Proposez-leur une nouveauté et vous serez accueilli avec un haussement d’épaules blasé et la fameuse réplique suit toujours.Tout le temps, c’est immanquable. Pour eux, l’avenir n’existe que comme une mauvaise copie cheapette du passé. D’ailleurs, ce fait dépasse largement la musique : beaucoup gardent le même emploi depuis des années, parfois même en le détestant passionnément, mais ils tiennent bon. Ils le gardent parce que ça paie les factures et que ce serait tellement plus compliqué de repartir à zéro. Ça ne vaudrait pas la peine, pas là où ils sont rendus.

Les mêmes habitudes, les mêmes routines, le même café Maxwell House dans la boîte circulaire bleue, dans la même tasse égratignée des Simpsons et ce, depuis 1997.

Essayez donc de suggérer à un métalleux que son groupe favori des années ’80 a mal vieilli… Vous aurez droit à un sermon plus long qu’une écoute de Dopesmoker de Sleep.

Je vous rappelle que c’est une chanson de 63 minutes…

Proposez, disons… une expérimentation un peu trop électronique par un groupe metal ? Sacrilège ultime. Introduisez des influences pop dans le son d’une formation metal comme le fait Ghost? Excommunication immédiate!

Dans le fond, les fans de metal ressemblent à des archivistes plutôt grincheux et très frileux face aux nouveautés: ils cataloguent tout ce qui a été fait à la perfection, selon leurs goûts, ils protègent le passé et ils défendent chaque riff comme si c’était une relique du Moyen Âge qui devrait se retrouver dans un musée.

Et pourtant, malgré cette réticence maladive à la nouveauté, ils demeurent étonnamment sympathiques et souvent très instruits. De véritables bibliothèques ambulantes de riffs, de dates de tournées et d’anecdotes obscures sur les pochettes d’albums.

Leur talon d’Achille, leur faiblesse ultime ? La nostalgie.

Ils s’accrochent à leurs souvenirs comme à une collection de patchs cousues sur une veste en jeans avec pas de manches.
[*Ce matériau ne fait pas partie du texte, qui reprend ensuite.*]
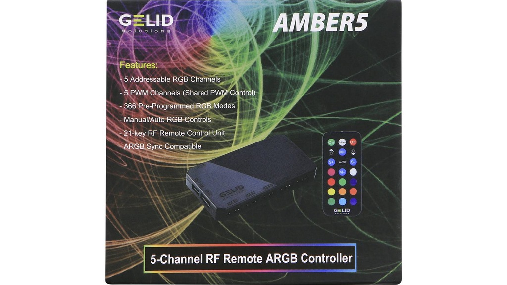 Kontroler ARGB Gelid Amber5 + HUB PWM Bezprzewodowy Pilot Radiowy. Spraw, aby konfiguracja podświetlenia była prosta i fajna! AMBER5 kontroluje do 5 wentylatorów, pasków LED lub innych adresowalnych urządzeń ARGB. Oferuje 366 żywych ustawień oświetlenia. Jest wyposażony w 21-klawiszowy pilot RF do wygodnej obsługi oraz złącze zasilania SATA zapewniające stabilną moc wyjściową. Można zainstalować w kilka sekund dzięki wbudowanemu magnesowi. Obsługuje również funkcje koncentratora ARGB za pośrednictwem 3-stykowego wejścia synchronizacji ARGB, gdy jest podłączony do zgodnych płyt głównych: ASUS, Gigabyte, MSI lub ASRock.

Une patch de Maiden de la tournée Somewhere on Tour, une patch de Metallica trouvé dans un marché aux puces en ‘92, une patch… de leurs 40 dernières années envolées, mais jamais oubliées.

Mais il faut l’avouer, cette obsession du passé est aussi ce qui fait la beauté du genre métallique. Le metal se nourrit d’hier pour ne pas mourir demain. Alors oui, les métalleux sont nostalgiques, conservateurs et protecteurs jusqu’à l’obsession. Et vous savez quoi? J’en fais partie, moi aussi.

Et franchement, qui d’autre aurait la détermination de porter encore fièrement un t-shirt troué de Slayer lors de la tournée Touring in the Abyss, comme s’il s’agissait d’un uniforme sacré ?

Hein, qui?

Pas pour le swag ou le drip, mais parce qu’on y était et qu’on est ressorti de là avec les bleus et autres ecchymoses qui venaient avec!

En gros, les métalleux sont réfractaires aux nouveautés, de féroces gardiens du passé, un brin obstinés, je dois l’avouer… mais sans eux, le metal ne serait pas ce sanctuaire intemporel qu’il est aujourd’hui!